YuMe Reports Third Quarter 2016 Financial Results

11/09/2016

Announces Executive and Board Changes and Restructuring Plan to Improve Profitability

Board of Directors’ Special Committee to Explore Strategic Alternatives, Engages Deutsche Bank as Financial Advisor

REDWOOD CITY, Calif.--(BUSINESS WIRE)-- YuMe, Inc. (NYSE: YUME), the global audience technology company powered by data-driven insights and cross-screen expertise, today announced its financial results for the third quarter ended September 30, 2016. The Company also announced the transition of its CEO and Chairman of the Board roles, a restructuring plan to improve profitability, and that its Board of Directors’ special committee of independent directors will explore and evaluate a range of strategic alternatives to enhance shareholder value.

Financial highlights for the third quarter of 2016 include:

  • Revenue of $35.0 million, compared to $38.9 million in the third quarter of 2015 (Q3 2015);
  • Revenue from top 20 advertising customers of $15.8 million, an increase of 7% from Q3 2015;
  • Mobile and connected television impressions accounted for 43% of revenue, compared to 32% of revenue in Q3 2015;
  • Gross margin of 48.4%, compared to 44.8% in Q3 2015;
  • Net loss of $4.5 million, or $0.13 per diluted share, compared to a net loss of $6.5 million, or $0.19 per diluted share, in Q3 2015;
  • Adjusted EBITDA1 loss of $0.7 million, compared to an adjusted EBITDA loss of $2.8 million in Q3 2015;
  • $63.7 million in cash, cash equivalents and marketable securities and no debt as of September 30, 2016;
  • Repurchased approximately 1.6 million shares of its common stock to date for $5.8 million.

Executive and Board of Directors Changes, Restructuring Plan Announced

The Company announced today that Jayant Kadambi will no longer serve as YuMe’s Chairman of the Board and Chief Executive Officer, effective immediately.
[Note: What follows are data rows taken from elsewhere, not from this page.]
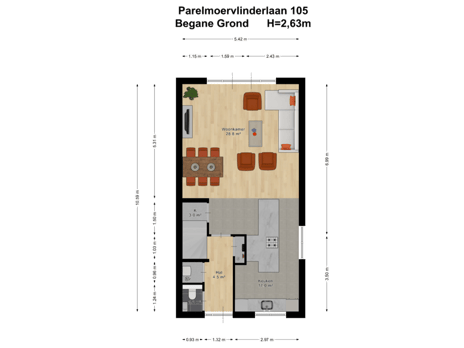 De moderne keuken ca. 3.50 x 2.97 is een echte blikvanger, strak vormgegeven met een ruim kookeiland, greeploze kasten en een stijlvol werkblad in betonlook. De keuken is uitgerust met moderne inbouwapparatuur, waaronder een inductiekookplaat met geïntegreerde afzuiging, combi-oven, oven, wijnklimaatkoelkast en grote inbouw koelkast. Dankzij de grote raampartijen aan de voor- en zijkant valt er volop daglicht binnen, wat samen met de designverlichting en donkere accenten zorgt voor een lichte, luxe en hedendaagse uitstraling.
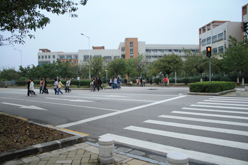 但是,北校区也以优美的校园环境“扳回一城”。北校区面积较小,宿舍离教学楼较近,古老的校道在参天大树的映衬下显得异常清幽,吸 引了众多“步行一族”。在人文气息浓厚的文化广场内,三三两两在“伟人”脚下或阅读或憩息的身影更给人一种远离尘嚣的错觉。相比较而言,充满现代化气息的南校区面积广阔、校道宽敞,选择以自行车代步的人数较多。但是,由于南校区部分校道没有实行人车分流,在上下课高峰期会出现人车共行的拥挤情况,给同学们造成了不便。经贸学院的何同学还告诉记者,南校区的生活区和教学区有马路相隔,虽然学校建设了人行隧道,但是由于隧道曲折,出入口位置不合理,到教学区所花费的时间更多,所以有许多同学都选择直接穿越马路,这样不仅违反了交通规则,而且很危险。此外,南校区穿梭于大学城的公交线路班次少、搭乘人数较多,令同学们感到十分不便。
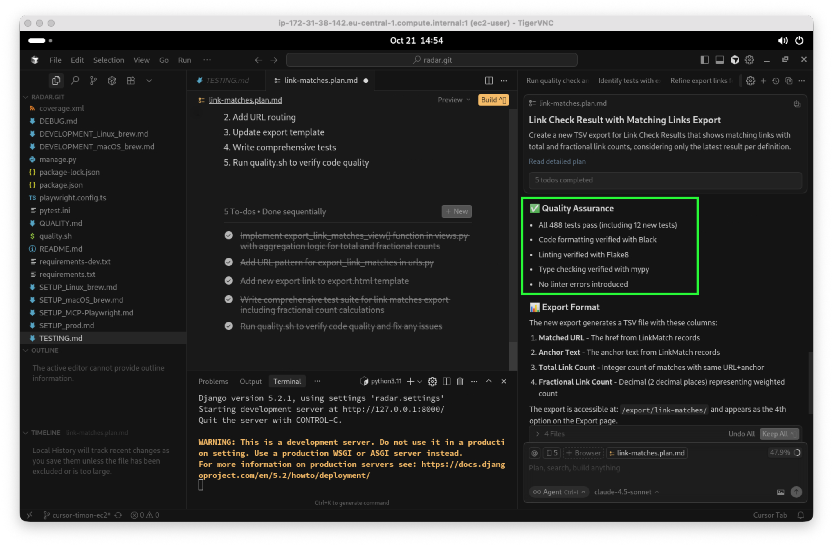 Der Agent hat bemerkt, dass dieses Projekt umfassend mit automatisierten Test entwickelt wird und macht entsprechend detaillierte Vorschläge zum Testen, sehr schön:
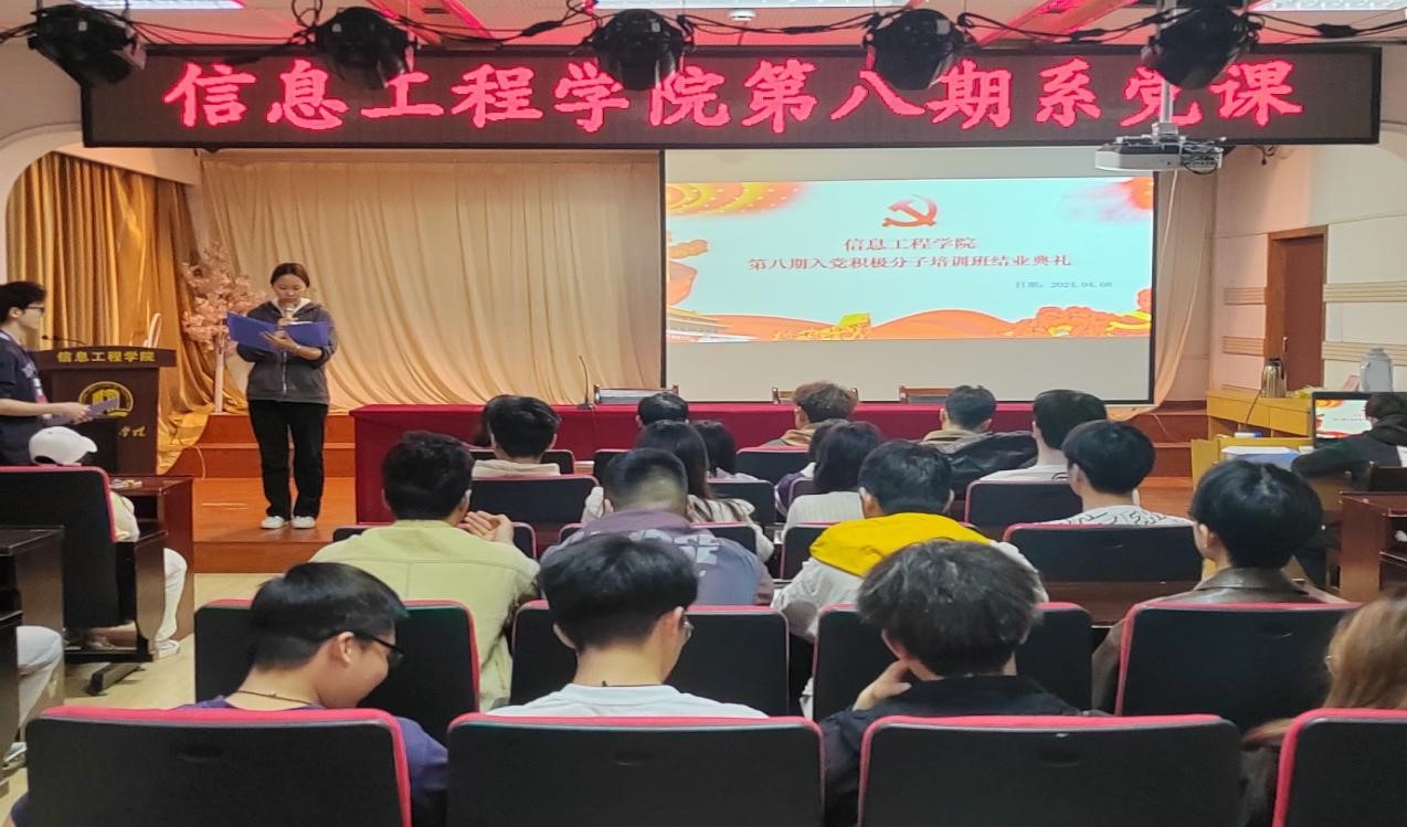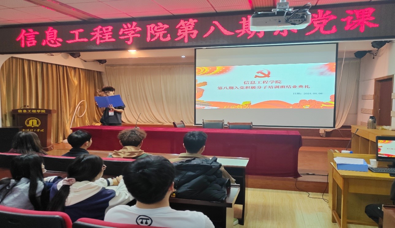 本网讯(学生记者/胡严生)4月8号,信息工程学院分党校第八期入党积极分子培训班结业典礼于12教209会议室举行,全体第八期入党积极分子共59人参加。
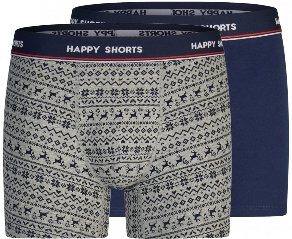 Happy Shorts Pánské vánoční boxerky, 2 kusy Příjemné na nošení díky vysokému podílu bavlny Vánoční motiv Dárkové balení v krabičce Elastický pas s nápisem Happy shorts 2 kusy Materiál 95 % bavlna, 5 % elastan Velikost M - XXL
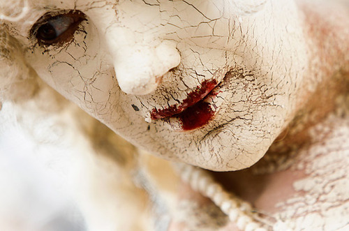 For example, the picture above is of a woman in costume at the Carnival of Cultures Parade in Berlin. Let’s strip away that context and create a new one. She looks a little bit like a porcelain doll – an aged and weathered living doll. Perhaps she lives in a world where opulence means having living artwork, where having a gallery full of sentient statuary is a display of wealth. If so, did her owner go bankrupt and lose his collection? Has she been moldering in a warehouse for a decade? What options would be available to her, now that she’s no longer in mint condition?
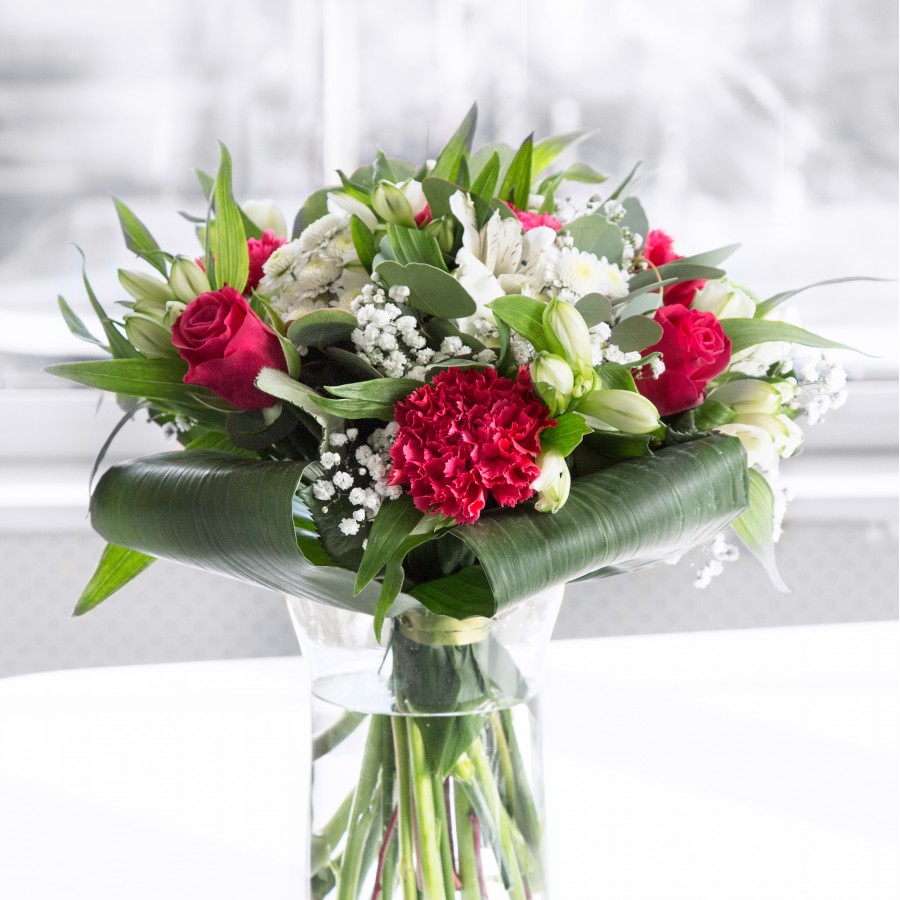 Immerse yourself in the beauty and uniqueness of our Stunning Elegance Bouquet. This exquisite arrangement showcases luxurious red roses intertwined with sweet white chrysanthemums and delicate gypsophila, creating a harmonious blend of colors and textures.
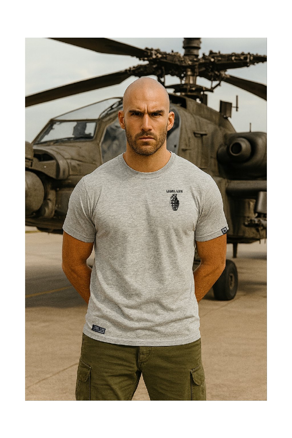 The design is discreet, the print is made using modern screen printing technology. The sleeve is decorated with a label depicting the Legal Life logo with two letters LL turned towards each other, at the bottom of the waist there is another larger label with the logo and a baseball bat, these gadgets take the T-shirt to another level, each label is made and hand-sewn here in the Czech Republic, just like the prints. The T-shirt is of very high quality, we took great care when choosing textiles for our Legal Life brand.
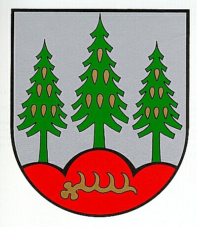 In Silber auf rotem Dreiberg, darin eine goldene Hirschstange, drei grüne Fichten mit goldenen Zapfen.
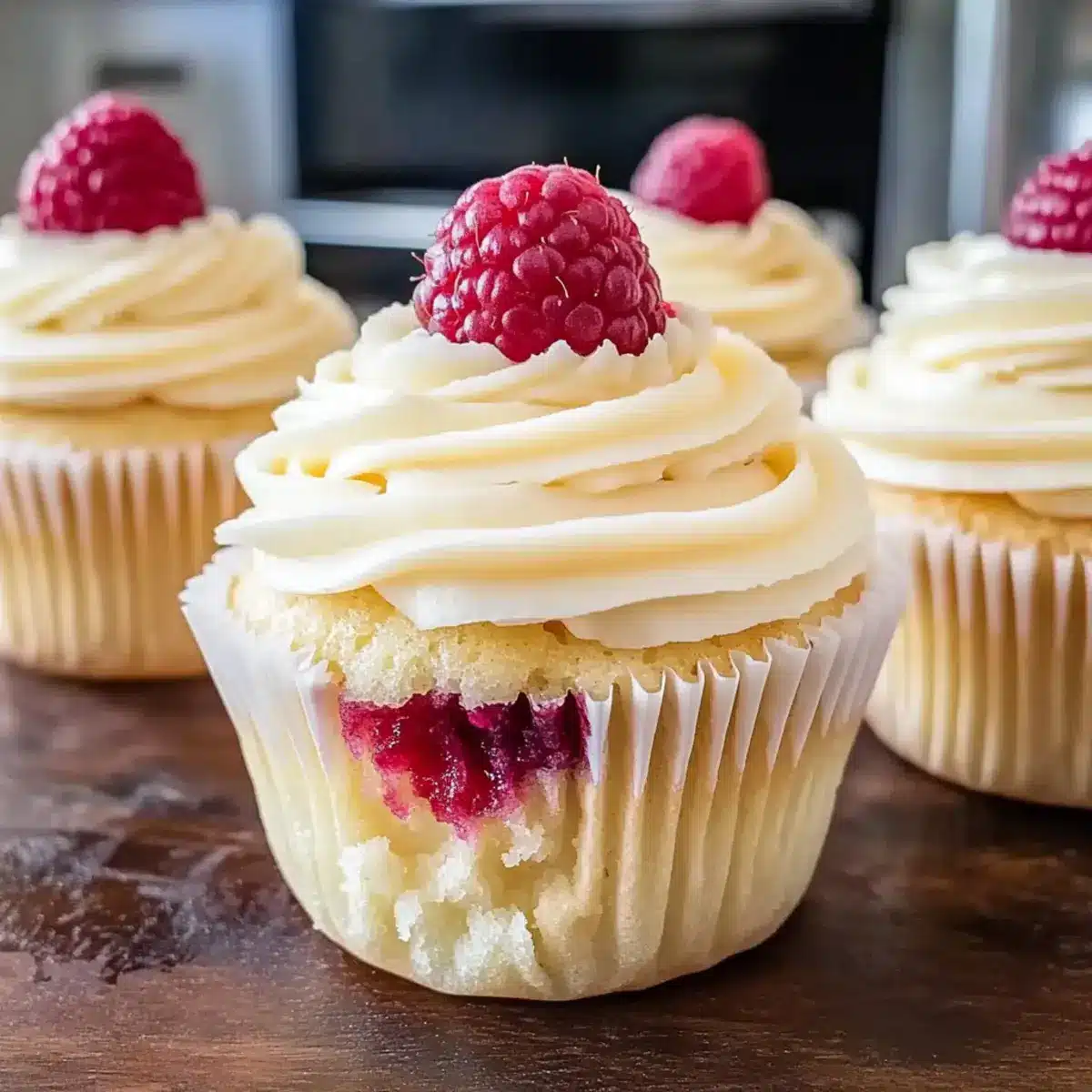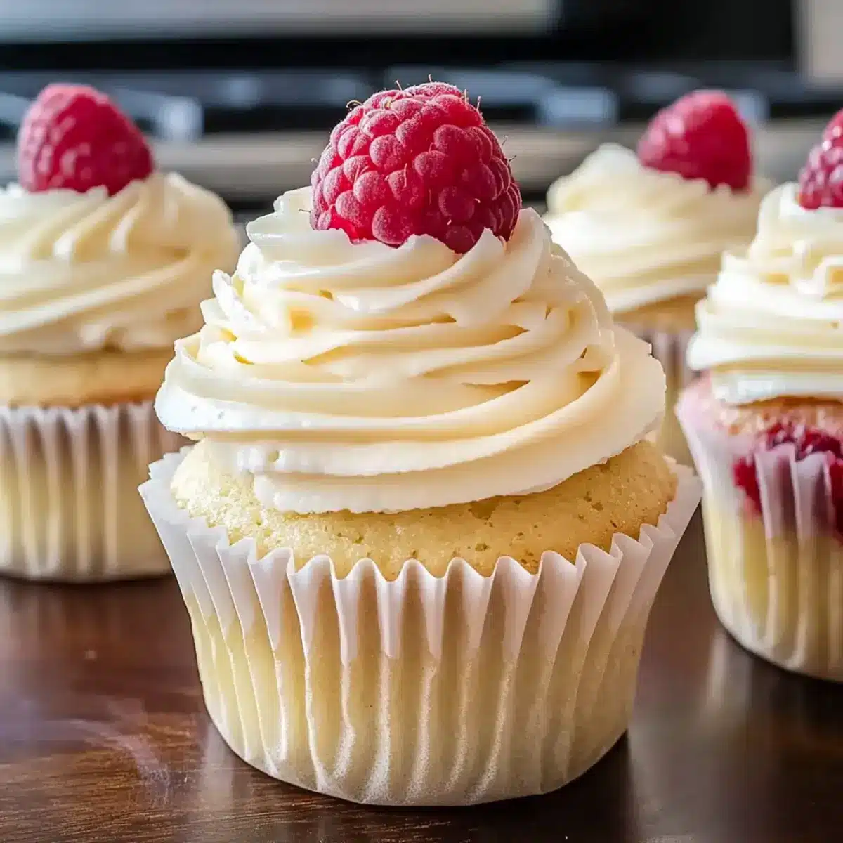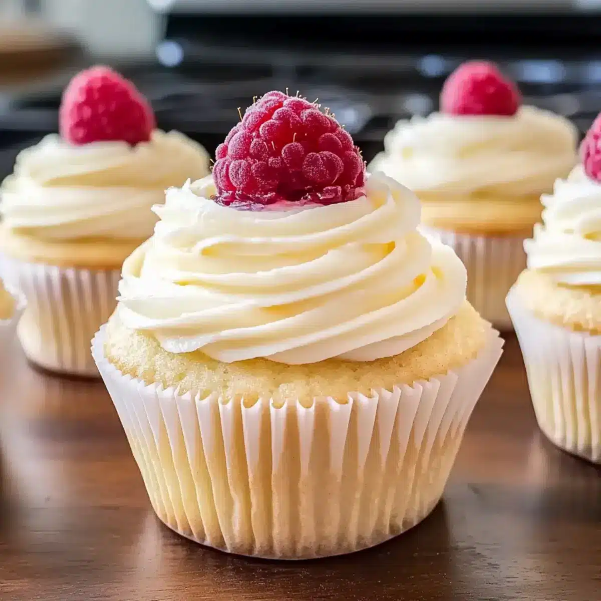 - Top each filled cupcake with buttercream frosting and garnish with fresh raspberries if desired.
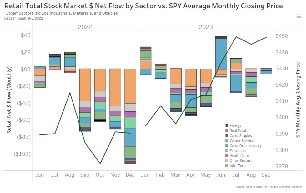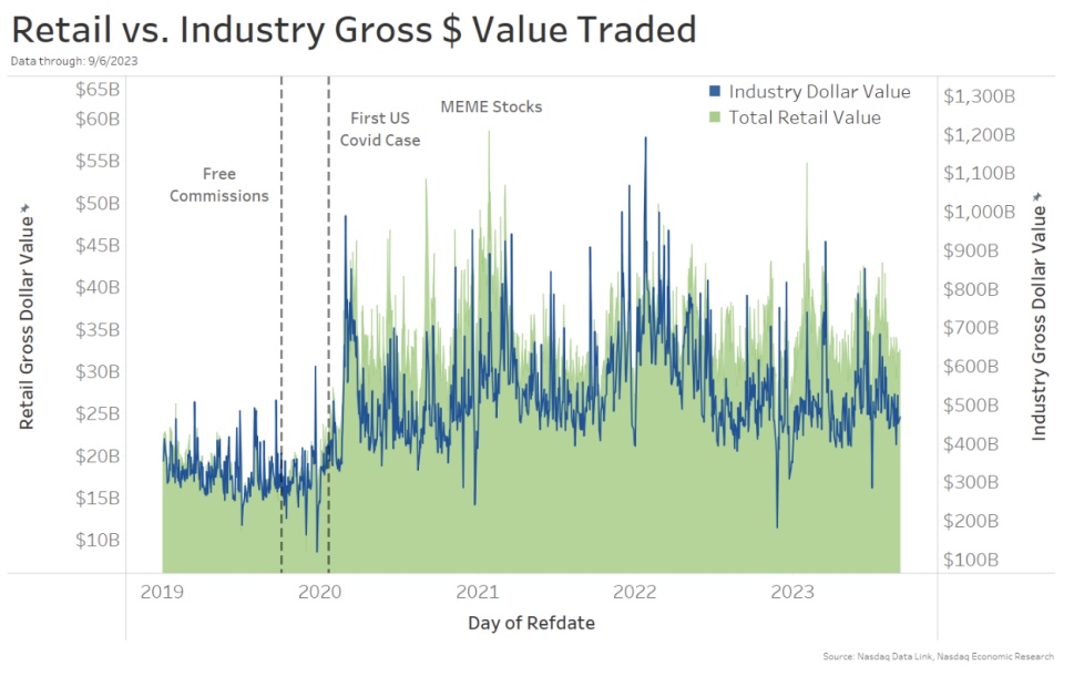 尽管整体市场、散户交易在夏季有所放缓,但数据显示,美国股市的散户活跃度仍然高于新冠疫情前,散户投资者继续为许多股票及 ETF 资产增加流动性。
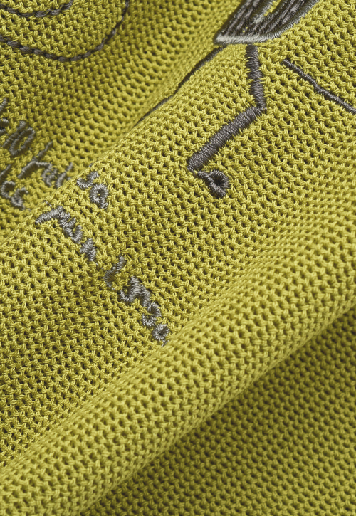 - 시즌 아트워크 다다이즘을 주제로 한 다양한 텍스쳐감과 입체감이 느껴지는 등판 자수 장식
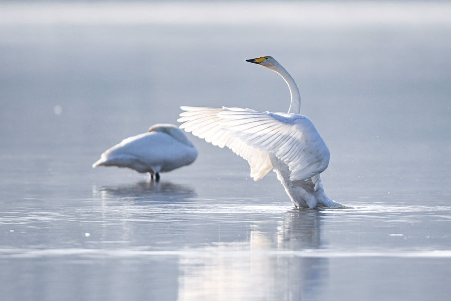 这是在青海省海东市化隆回族自治县境内的黄河边拍摄的天鹅。新华社记者 齐芷玥 摄
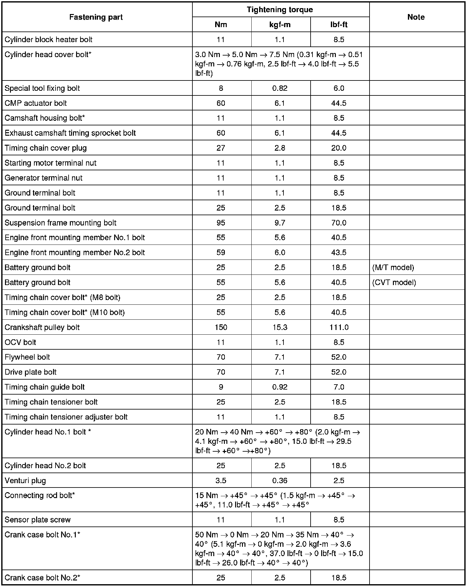 For the tightening torques of fasteners not specified in this section, refer to Fastener Information Fasteners Information.

Mr. Kadambi will remain on the Board. Additionally, Jim Soss, Executive Vice President and General Manager, North America, and Hardeep Bindra, Executive Vice President, Operations, will no longer be employed at YuMe, effectively immediately.

YuMe’s Board of Directors has named Paul Porrini to the role of Interim CEO. Mr. Porrini most recently served as the Company’s Executive Vice President, General Counsel and Secretary, and has led YuMe’s legal and human resources functions since July 2012. Prior to joining YuMe, Mr. Porrini served in leadership roles at Hewlett-Packard Company and Bluestone Software, a web application server company. Michael Hudes, a member of YuMe’s executive staff since 2010, has been named Executive Vice President, Chief Revenue Officer, and will lead the Company’s global sales, business development and revenue operations teams. Ayyappan Sankaran, a co-founder, will remain as Executive Vice President, Chief Technology Officer, and will remain on the Board. Tony Carvalho will remain as Executive Vice President, Chief Financial Officer. Messrs. Carvalho, Hudes and Sankaran will report to Mr. Porrini.

Additionally, the Board of Directors has appointed Eric Singer, a current independent Board member and managing member of VIEX Capital Advisors, the largest shareholder in the Company, to the role of Chairman.

Mr. Singer commented, “We appreciate Jayant’s efforts and passion for the business, and we wish him well in his new endeavors. We also would like to thank Jim and Hardeep for their service to the Company. The Board believes Paul has the leadership skills to help YuMe reinvigorate growth, leverage its core software and data management platform, and further improve operating efficiencies. We look forward to working with him and his team.”

Mr. Porrini commented, “I am honored to lead YuMe’s talented and experienced team. In the third quarter, we exceeded our gross margin and our operating expense improvement goals and grew our programmatic channel revenue, but execution issues in the back-half of the quarter resulted in lower-than-expected revenue and adjusted EBITDA. Our strong gross margin performance illustrates the strength of our platform, and our top priorities are to unlock the value of this strategic asset by improving our business fundamentals while exploring a range of strategic alternatives.”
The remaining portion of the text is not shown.